我实现了我的快速排序算法,如下所示。 sortArray 函数是对数组进行排序的入口点。它初始化数组的下限和上限,然后调用快速排序函数。快速排序通过将数组分成更小的子数组并对每个子数组进行排序来递归地对数组进行排序。它调用 split 函数对数组进行分区。 split 函数返回必须进行分割的位置的索引。代码如下-
class Solution {
public:
vector<int> sortArray(vector<int>& nums) {
cout << "Running Code" << endl;
int lower = 0;
int upper = nums.size() - 1;
quicksort(lower, upper, nums);
return nums;
}
void quicksort(int lower, int upper, vector <int> &nums )
{
if(lower<upper)
{
int index = split(lower, upper, nums);
cout << index << endl;
quicksort(lower,index-1,nums);
quicksort(index+1,upper,nums);
}
}
int split(int lower, int upper, vector<int> &nums)
{
int base = nums[lower];
int start = lower;
int end = upper;
printf("start: %d end: %d\n", start, end);
while(start < end)
{
while(nums[start] < base);
start++;
while(nums[end] > base);
end--;
if(start<end)
swap(nums[start], nums[end]);
}
swap(nums[lower],nums[end]);
return end;
}
};
我想对数组进行递归排序,但出现运行时错误,如下所示 -
=================================================================
==22==ERROR: AddressSanitizer: heap-buffer-overflow on address 0x5020000000a0 at pc 0x558a0c57ac59 bp 0x7ffcb3489590 sp 0x7ffcb3489588
READ of size 4 at 0x5020000000a0 thread T0
#4 0x7fa09395ed8f (/lib/x86_64-linux-gnu/libc.so.6+0x29d8f) (BuildId: c289da5071a3399de893d2af81d6a30c62646e1e)

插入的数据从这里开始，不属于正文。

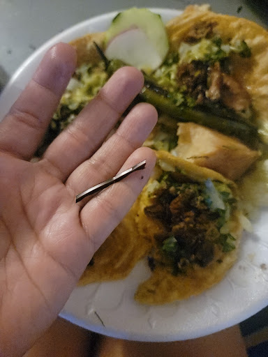 This place had always been good when me and my husband have gone but this time around was the worst. I was craving mini tacos so we went through the drive thru and ordered to go. When we got home I uncovered them and started adding the cilantro, salsa, ect.. well when I started to grab a taco I saw a hair right on top of the potato that was in the middle, so I'm thinking š¤ maybe it was mine so I pulled it off. It wasn't til when I started eating my second taco took a bite and pulled away from my mouth that there was another hair, long for that matter! And this hair seemed like it was cooked with the meat because it was mixed in. Right away I got sick to my stomach because the food had all this hair. Pissed me off actually because why the hell is their hair in food when they should be wearing hair nets when preparing or prepping food... right away went back and took it to them, they offered to make me something else or another plate but I refused and got my money back. They didn't seem to concern about it, as I walked away and I see them talking among themselves smiling. Well they just lost this...
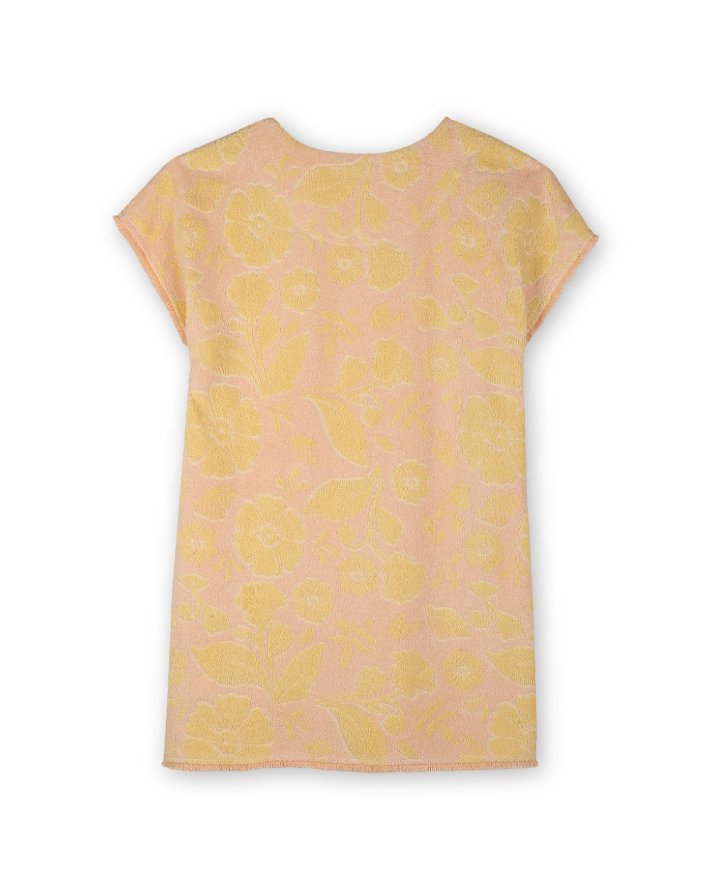 Sommerliches Frottee-Kleid von Chloé für Mädchen in warmem Gelb mit floralem Muster. Das weiche Material sorgt für hohen Tragekomfort, während der dezente Chloé-Logo-Schriftzug auf der Vorderseite dem Design eine elegante Note verleiht. Perfekt für warme Tage und entspannte Sommerlooks.

#5 0x7fa09395ee3f (/lib/x86_64-linux-gnu/libc.so.6+0x29e3f) (BuildId: c289da5071a3399de893d2af81d6a30c62646e1e)
0x5020000000a0 is located 0 bytes after 16-byte region [0x502000000090,0x5020000000a0)
allocated by thread T0 here:
#6 0x7fa09395ed8f (/lib/x86_64-linux-gnu/libc.so.6+0x29d8f) (BuildId: c289da5071a3399de893d2af81d6a30c62646e1e)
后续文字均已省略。